I’ve come up some possibilities and I have to read a bit more of her to see if I’m right.

  • Not enough humor. They’re straight women’s fiction and I like a little of the light side, a la Kristan Higgins or Kristin Billerbeck.
  • I need to read some of her newer books. As I looked at her website, I noticed the three I’ve read any of her newest releases.
  • No cute pets, like in Claire Cook’s novels.

I’ll get back to reading and let you know if I narrow it down.

In all likelihood though, I’m not reading her best, most recent work. I’ll fix that and post again.

Anyone love Susan Wiggs and have a recommendation of a newer book of hers to try?

8/3/11

The Plasticization of Hollywood–Woe! It’s Wednesday

 

I’ve noticed that so many actresses have the same mouth.

I hate it. I miss Courtney Cox’s smile from the early Friends years.

I’ve tried to watch Cougar Town because it gets good reviews but I can’t stand to see her stretched smile. I think she had her cheeks done and it messed up her mouth. But I’m just speculating here.

 

Cougar Town Publicity Still

 

 

But I don’t need to since I can just flip to Desperate Housewives to see the same smile on Felicity Huffman.

                            

 

Or Shannon Tweed on Gene Simmons’ Family Jewels.

 

 

Or Meg Ryan, who ruined what was once the most beautiful smile in movies.

                                                           

 

It makes me appreciate the women with the guts to age the old fashioned way.

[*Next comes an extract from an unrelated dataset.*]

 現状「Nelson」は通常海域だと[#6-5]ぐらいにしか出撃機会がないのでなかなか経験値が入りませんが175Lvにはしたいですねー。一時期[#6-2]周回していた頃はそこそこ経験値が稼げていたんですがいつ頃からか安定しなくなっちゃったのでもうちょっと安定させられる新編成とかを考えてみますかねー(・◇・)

With smile lines.

Linda Hamilton:

 

Kathleen Turner:

 

Sissy Spacek:          

 

Thanks, ladies, for being examples of class and beauty.

8/2/11

Book Talk Tuesday: Pay Me in Flesh

 

I just read something completely out of the ordinary, in every sense of the word.

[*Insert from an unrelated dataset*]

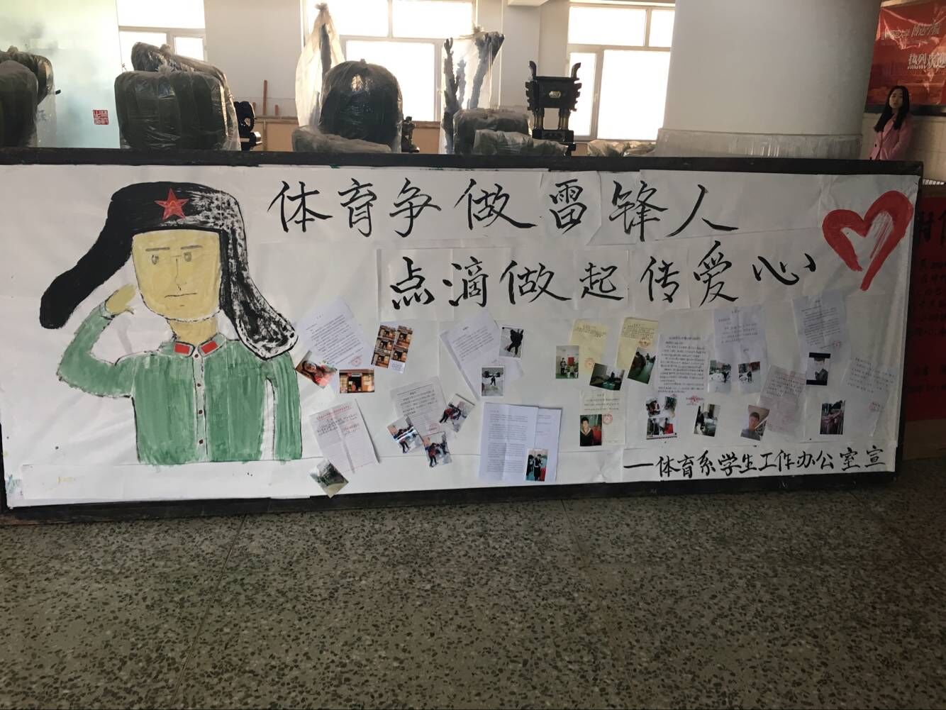 为响应向雷锋同志学习的号召,扩大爱心传递力度,提高同学为人民服务觉悟。三月,体育系开展了“体育争做雷锋人,点滴做起传爱心”活动。

It’s out of the ordinary of what I usually read.

It’s out of the ordinary of what’s being published.

It’s out of the ordinary of what the author usually writes.

It’s out of the ordinary in its capacity to combine horror, humor, and heart.

 

It’s about Mallory Caine, a defense attorney by day and a brain-eating zombie by night.

Yep.

I read it.

I even liked it.

I read it because the author is a friend and he trusted me enough to send me a preview copy to read and tell others about. If I liked it.

I’m not gonna lie.

It was tough to get into. Mallory’s craving for flesh, in particular brains, creeped me out. I don’t read horror. I don’t watch horror movies. The closest thing I’ve watched or read is the Twilight series and Harry Potter. Neither of which has zombies.

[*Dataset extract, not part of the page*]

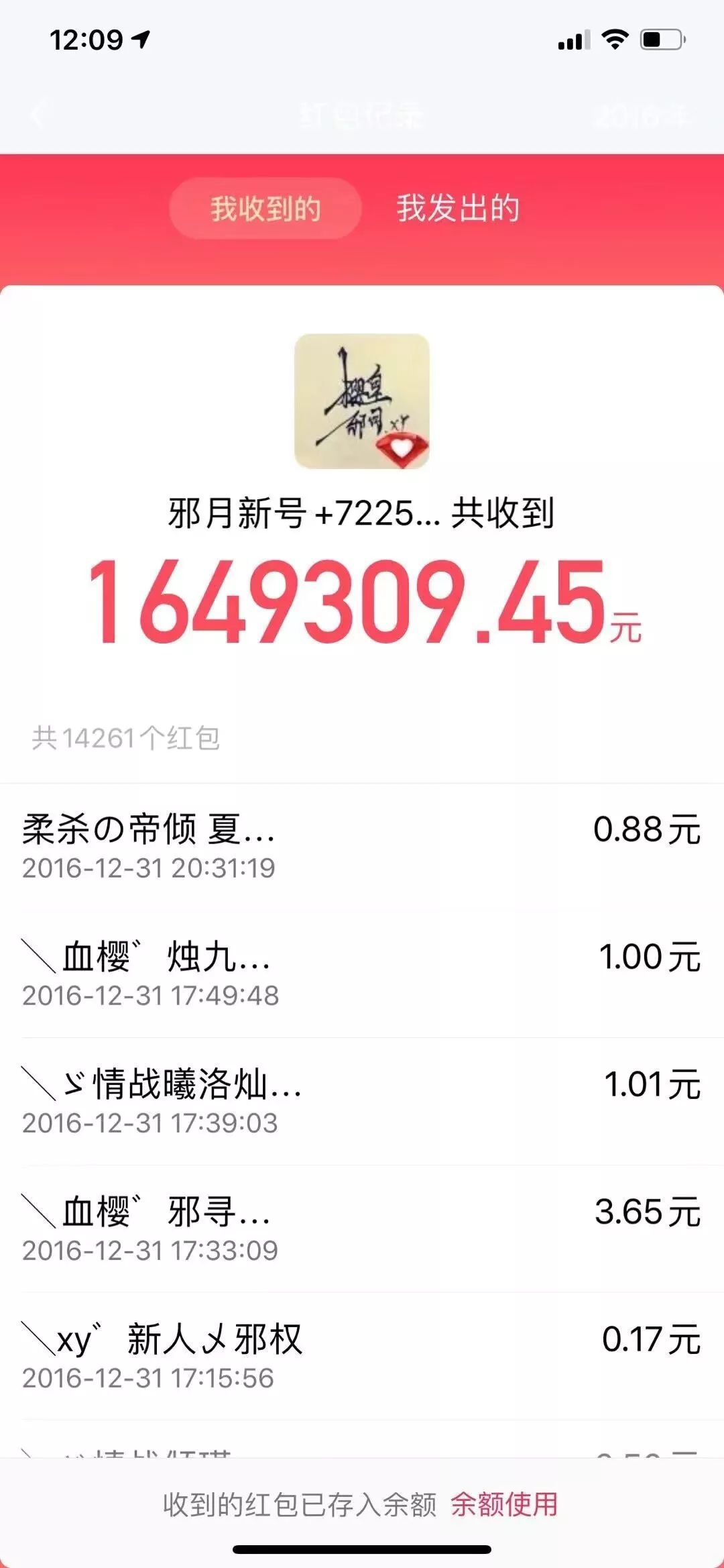 之前后台留言的老铁见到一张邪月晒在 QQ 空间的钱包截图,显示邪月在 2016 年共收到了大约 165 万元的红包。

But because I know and like the author (K. Bennett is a pseudonym for James Scott Bell) and I’ve enjoyed his other work, I hung in there and kept reading. 

This is from Jim’s blog announcement :

TAGLINE:

In L.A., practicing law can be hell. Especially if you’re dead.

PITCH:

In an increasingly hellacious L.A., zombie lawyer Mallory Caine defends a vampire hooker accused of the crime Mallory herself committed, even as a zombie-killer closes in and the love of her former life comes back as the Deputy DA she must oppose. And as Lucifer himself begins setting up L.A. as his headquarters for a new attack on heaven and earth, Mallory slowly discovers she may be the one who has to stop him.

The book has humor, lots of it. Mallory gets the irony in being a zombie attorney.

There is a bit of horror. Enough for the horror fan to be happy. Just a tad too much for the non-horror fan to appreciate, but the worst of it is in the first third. After that, either I was desensitized or the horror was truly lessened.

It’s full of heart. Mallory struggles with God and wonders what (and who) consigned her to the undead life. She gets a glimpse of truth at the end, with a nice setup to the next book in the series.

I’m glad I stuck with it. I’ll even read Mallory’s next adventure. I believe Jim will show God at further work in Mallory’s unlife and I look forward to reading how He will redeem even a zombie.

Pay Me In Flesh is available on Amazon and at Barnes and Noble.

If you read it, let me know what you think. Really.